Please let me know if I completely missed the point...

Cheers,
Ronen.
 
Last edited:

yodon

Leader
Super Moderator
Agree with Ronen (as usual). It's typical to do some kind of demonstration to prove the repairs didn't break anything. If it's too costly, the effort can be done (as Ronen suggested) with increased monitoring. The walkthrough of the last validation report is a good way to structure a risk-based decision on whatever you do end up doing. An FMEA assessing what could go wrong after / as a result of the repair is another good method.
 

Mark Meer

Trusted Information Resource
Depending on the type of equipment, it may be appropriate to keep samples of "known" quantities, and simply take measurements on these to ensure you get the expected results.
 
D

dedvalson

Thank you all for the suggestions, all the ideas given will be a big help to start implementing a workflow.
 
V

Vthouta

You could simply make a template for Verification and Validation form in a word doc :


Scope of Validation:
(Description of Change – Eg: A new equipment being used for first time, created new tooling for customer and validating the requirements, in-house fixture, etc)

Fixture Used for the validation (if applicable):
(Mention the asset number)




Verified the calibration of Fixture Used: (Yes/No)
(Document the cal due date of the fixture used along with Asset number)

Tools used for Validation:


Verified the calibration of tools Used: (Yes/No)
(Document the cal due date of the tools used along with Asset number)





Performed By: Date:
Validation Method:
(Mention the validation method used while performing the verification and validation)


Statistical sample size used for verification and validation:
Verification & Validation results:
(List down all the results of the verification performed that meets specifications and document the validation results by processing an ECN if required to prove the change)

Comments:





Dispositioned By:
Position: Date:

You can revise the format as per your needs and also could add the monitoring,etc.

Vik
 
V

Vthouta

Since you are working in growing medical device industry this could be a good read based on your application

(broken link removed)

For process validation - https://www.fda.gov/downloads/Drugs/GuidanceComplianceRegulatoryInformation/Guidances/UCM070336.pdf

Based on this document, you can tweak according to your needs.
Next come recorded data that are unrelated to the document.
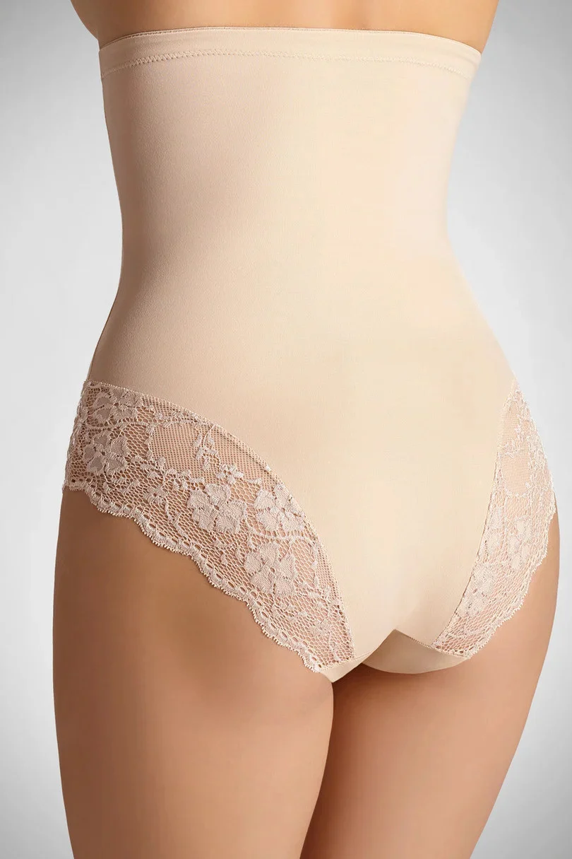 Korigující kalhotky s vysokým pasem z vysoce kvalitního mikrovlákna, nohavičky zakončené krajkou. Lem je zakončen silikonem, který zabraňuje sklouzávání spodního prádla.
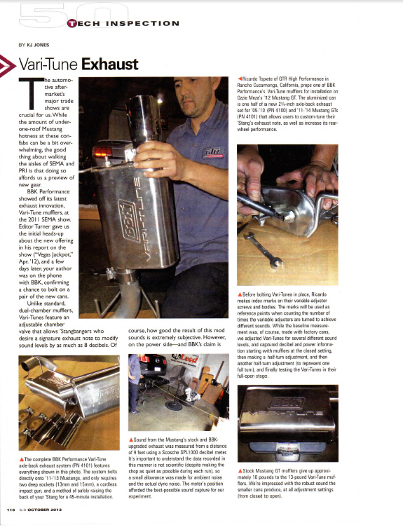 The kit was installed on a bone stock 12 Mustang GT 5.0 and from the results we see here in this article from the 5.0 Mustang & Super Fords October 2013 issue it looks like this BBK Performance Varitune axle back system picked up a solid 10 Horsepower and 10 ft/lb torque at the rear wheels!
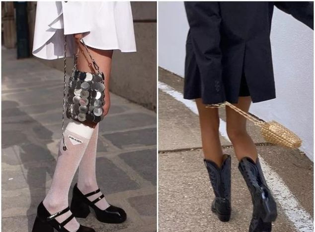 当然,没有必要坚持搭配法。丹麦造型师Pernille Teisbaek用它们来包裹套头衫和黑色背心,呼应了系在裤子底部的无肩带凉鞋。

I do completely agree with Ronen that there is no specific standard practice, but if you comply to FDA CGMP it would be a good practice to begin now and helpful in long run.
 

Ronen E

Problem Solver
Moderator
Since you are working in growing medical device industry this could be a good read based on your application

(broken link removed)

For process validation - https://www.fda.gov/downloads/Drugs/GuidanceComplianceRegulatoryInformation/Guidances/UCM070336.pdf

Based on this document, you can tweak according to your needs. I do completely agree with Ronen that there is no specific standard practice, but if you comply to FDA CGMP it would be a good practice to begin now and helpful in long run.
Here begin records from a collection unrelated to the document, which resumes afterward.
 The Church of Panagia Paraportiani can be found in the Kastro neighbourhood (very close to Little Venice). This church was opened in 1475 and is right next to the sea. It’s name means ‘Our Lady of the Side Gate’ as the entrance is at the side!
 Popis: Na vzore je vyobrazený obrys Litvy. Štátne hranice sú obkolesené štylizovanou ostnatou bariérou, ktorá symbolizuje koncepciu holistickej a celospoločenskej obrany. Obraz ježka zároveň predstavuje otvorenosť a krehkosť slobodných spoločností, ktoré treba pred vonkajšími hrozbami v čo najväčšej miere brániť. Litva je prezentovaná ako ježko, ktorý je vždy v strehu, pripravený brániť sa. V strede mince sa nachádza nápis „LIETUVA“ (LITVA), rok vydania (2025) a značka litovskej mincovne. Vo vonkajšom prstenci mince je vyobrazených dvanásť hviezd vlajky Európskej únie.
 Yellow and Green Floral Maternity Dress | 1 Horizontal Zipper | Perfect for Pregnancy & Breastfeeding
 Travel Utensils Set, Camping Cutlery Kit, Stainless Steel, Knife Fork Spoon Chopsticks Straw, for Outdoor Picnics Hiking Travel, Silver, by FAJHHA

I didn't refer to a "standard practice" for equipment validation (in fact I do know a few of those); rather, I was addressing what the OP was after - a "standard practice" for verifying that the equipment is still in a validated state (i.e. doesn't require re-validation).

Cheers,
Ronen.
 
G

Grimaskr

I'm not sure if it's applicable to the medical industry, but in various electronics manufacturing plants I've worked in we do a checklist and 'release to production' form after maintenance or engineering experiments have tampered with manufacturing equipment.

It's just a tickler list that asks questions like:
  • Have all safety features (shield, guards, alarms, etc) been reactivated?
  • Have all facilities (water, power, air, etc) been re-connected and checked?
  • Have all process controls (vision systems, guides, etc) been checked?
  • Does any of this maintenance/engineering activity require re-validation of product before release to production?
  • And various other types of reminder questions.
The engineer responsible for the equipment needs to sign off on the checklist before Production starts running parts again. It serves as a good reminder system and shows auditors that you are double-checking things after tampering with equipment.

But again, I'm not familiar with medical industry rules/regs... so I don't know if this is applicable.